## EXERCISE AIM
Leave out every picture and set down, exactly, the lines below from the one holding "Precioso reloj que" up to and including the one holding "5月16日,由忠县某技能培训".

── SOURCE INFORMATION ──

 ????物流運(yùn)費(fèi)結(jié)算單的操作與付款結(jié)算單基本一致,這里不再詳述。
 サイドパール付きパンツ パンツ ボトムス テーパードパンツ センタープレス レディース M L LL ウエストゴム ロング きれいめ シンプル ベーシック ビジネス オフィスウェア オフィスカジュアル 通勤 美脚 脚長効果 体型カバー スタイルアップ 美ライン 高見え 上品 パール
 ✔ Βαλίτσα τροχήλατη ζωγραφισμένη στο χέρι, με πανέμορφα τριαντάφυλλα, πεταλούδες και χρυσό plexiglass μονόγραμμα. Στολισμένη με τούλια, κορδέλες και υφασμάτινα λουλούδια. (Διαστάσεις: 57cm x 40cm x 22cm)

───
── SOURCE INFORMATION ──

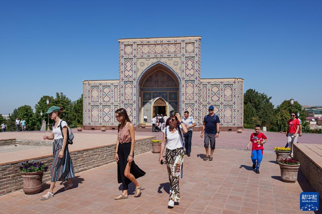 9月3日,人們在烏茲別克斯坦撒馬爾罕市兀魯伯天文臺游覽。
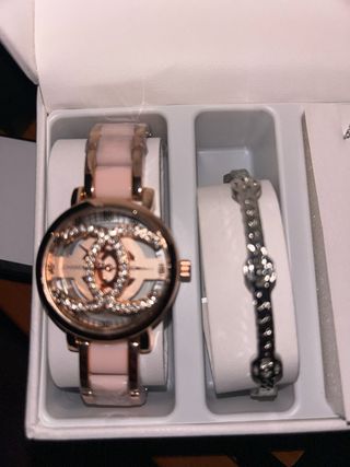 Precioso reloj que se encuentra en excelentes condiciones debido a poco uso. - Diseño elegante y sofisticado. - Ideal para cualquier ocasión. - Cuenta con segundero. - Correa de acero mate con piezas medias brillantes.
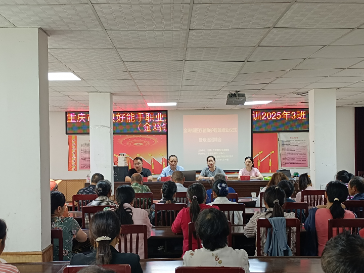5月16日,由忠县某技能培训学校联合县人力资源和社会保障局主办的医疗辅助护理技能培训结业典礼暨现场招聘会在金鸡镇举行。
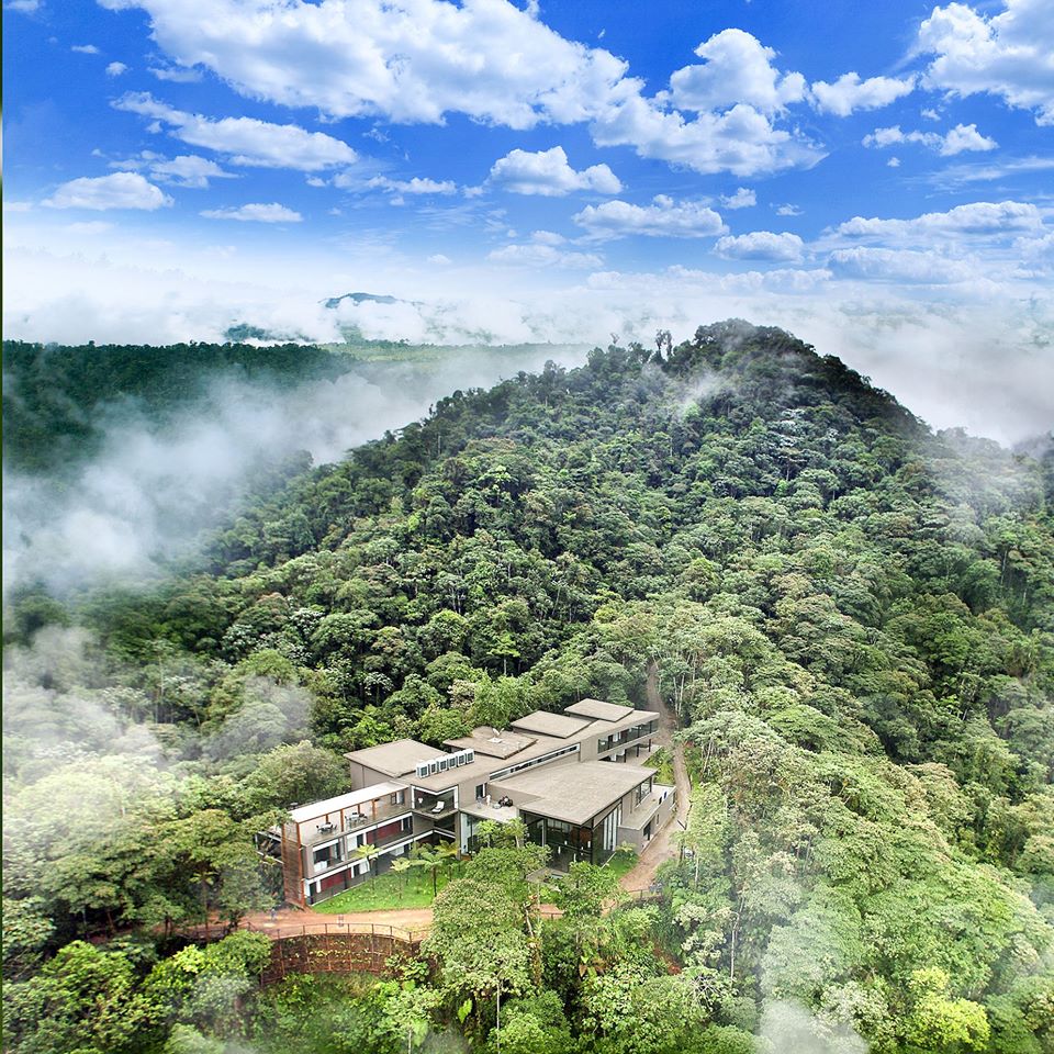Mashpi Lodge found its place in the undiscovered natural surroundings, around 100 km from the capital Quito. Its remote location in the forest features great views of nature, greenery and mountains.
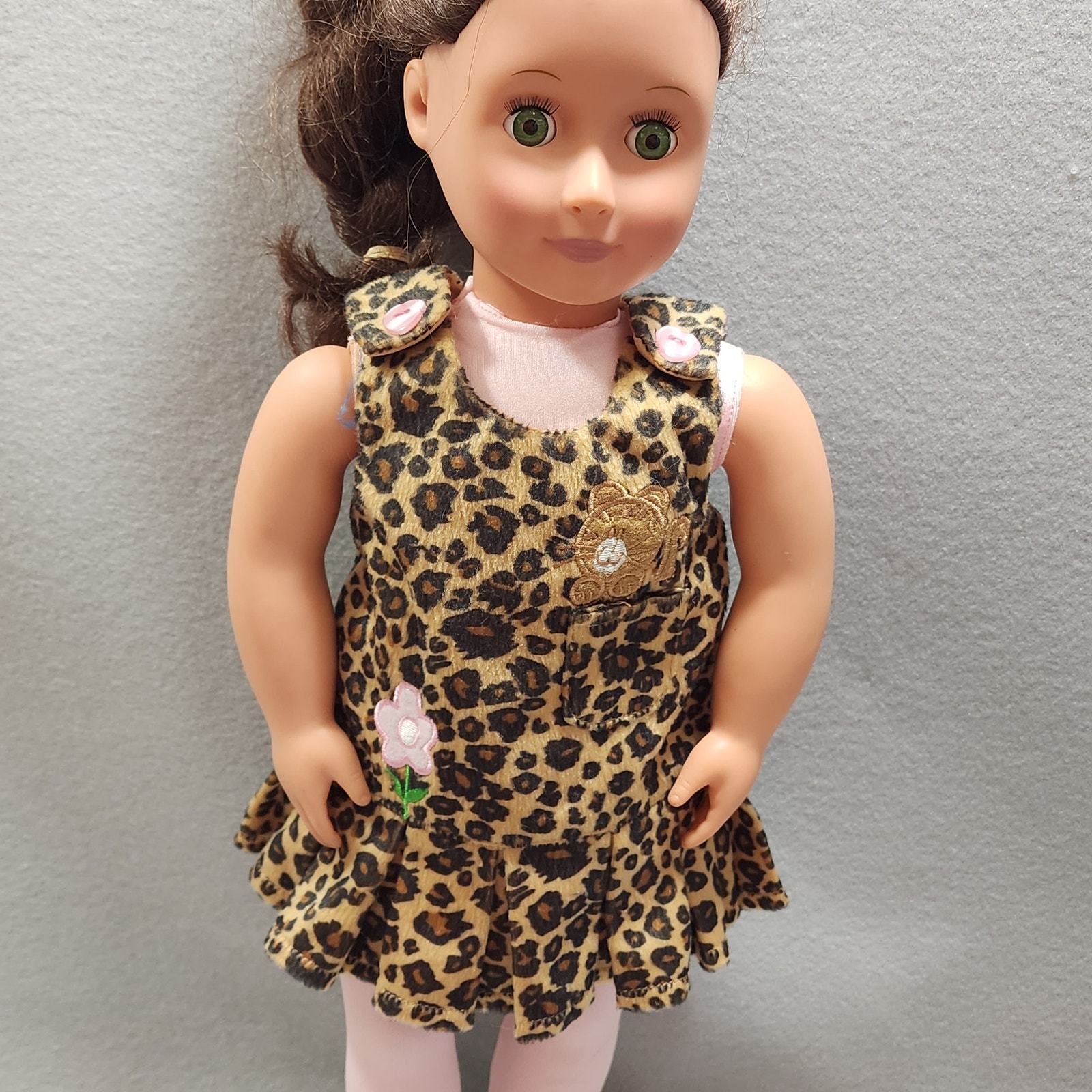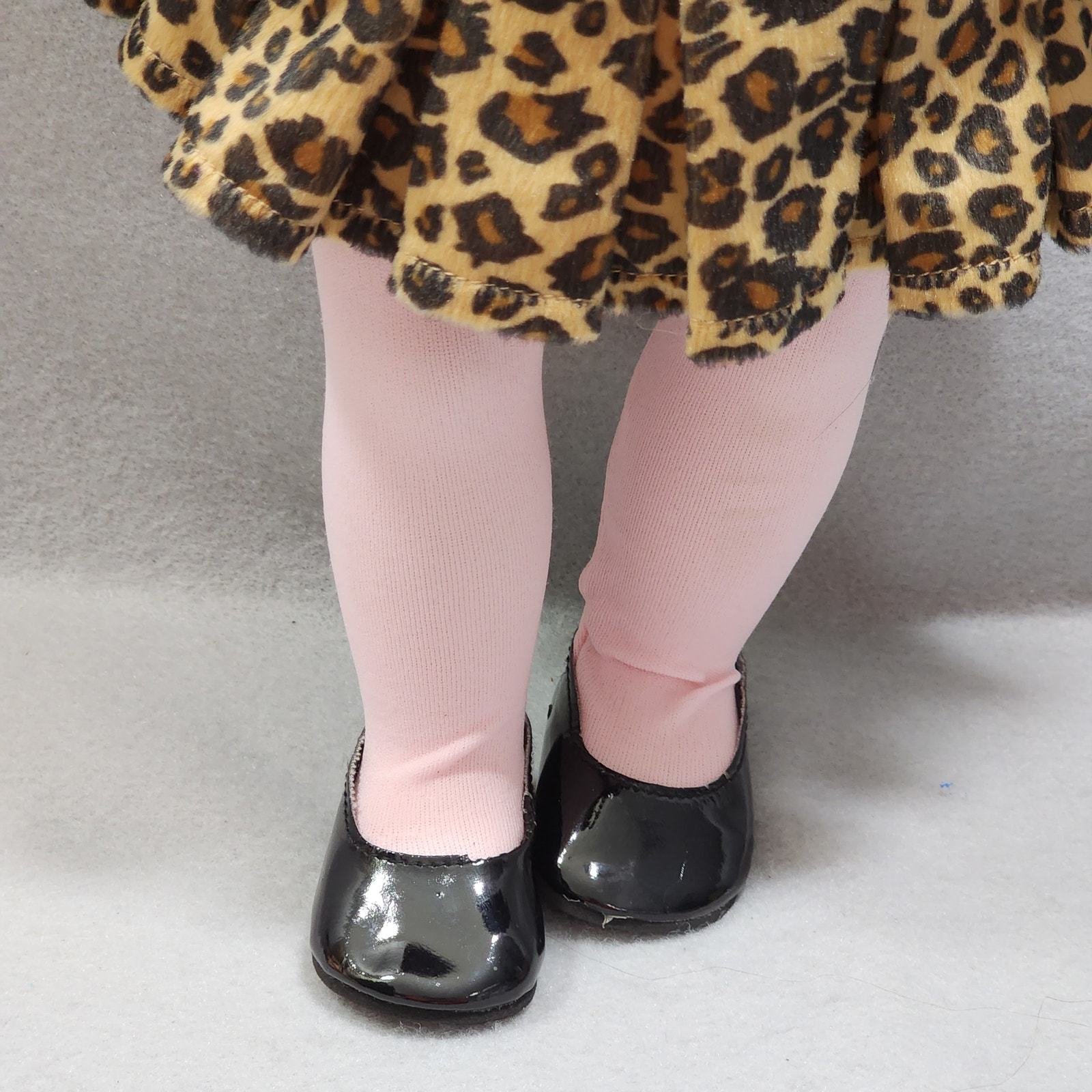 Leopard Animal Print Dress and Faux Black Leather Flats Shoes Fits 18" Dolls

───
── SOURCE INFORMATION ──

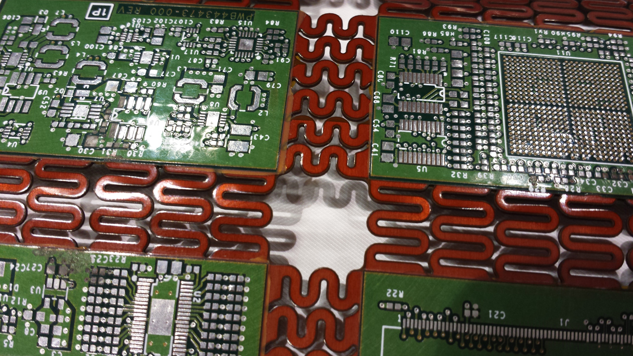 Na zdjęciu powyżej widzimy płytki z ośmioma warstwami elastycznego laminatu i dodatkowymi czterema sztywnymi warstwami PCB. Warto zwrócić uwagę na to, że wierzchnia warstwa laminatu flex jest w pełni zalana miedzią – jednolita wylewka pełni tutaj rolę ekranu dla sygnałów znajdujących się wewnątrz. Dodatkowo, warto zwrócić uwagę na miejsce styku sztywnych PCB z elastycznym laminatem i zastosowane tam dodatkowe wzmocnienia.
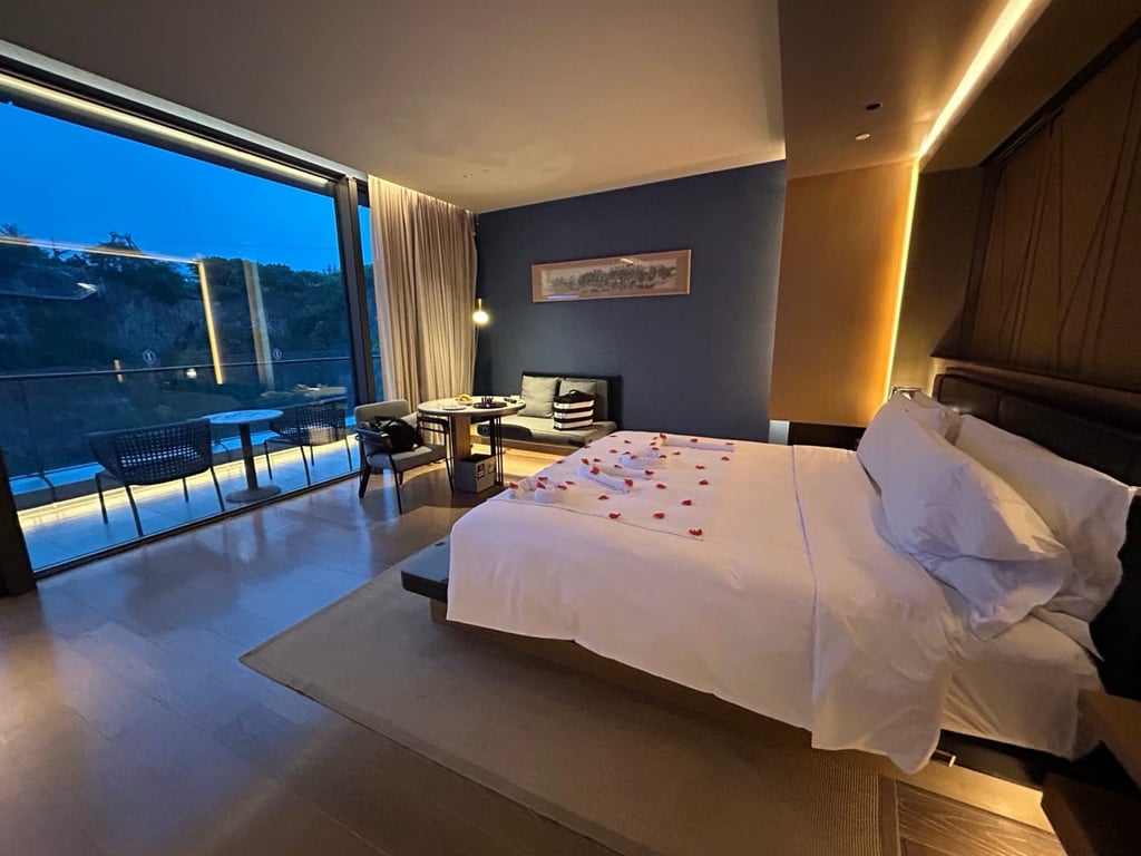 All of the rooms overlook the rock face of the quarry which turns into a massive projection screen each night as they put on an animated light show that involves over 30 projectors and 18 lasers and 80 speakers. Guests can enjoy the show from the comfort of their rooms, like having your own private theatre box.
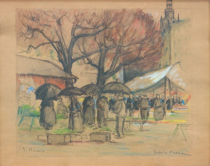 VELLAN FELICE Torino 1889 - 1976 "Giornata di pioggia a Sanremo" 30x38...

───

## SOLUTION
 Precioso reloj que se encuentra en excelentes condiciones debido a poco uso. - Diseño elegante y sofisticado. - Ideal para cualquier ocasión. - Cuenta con segundero. - Correa de acero mate con piezas medias brillantes.
5月16日,由忠县某技能培训学校联合县人力资源和社会保障局主办的医疗辅助护理技能培训结业典礼暨现场招聘会在金鸡镇举行。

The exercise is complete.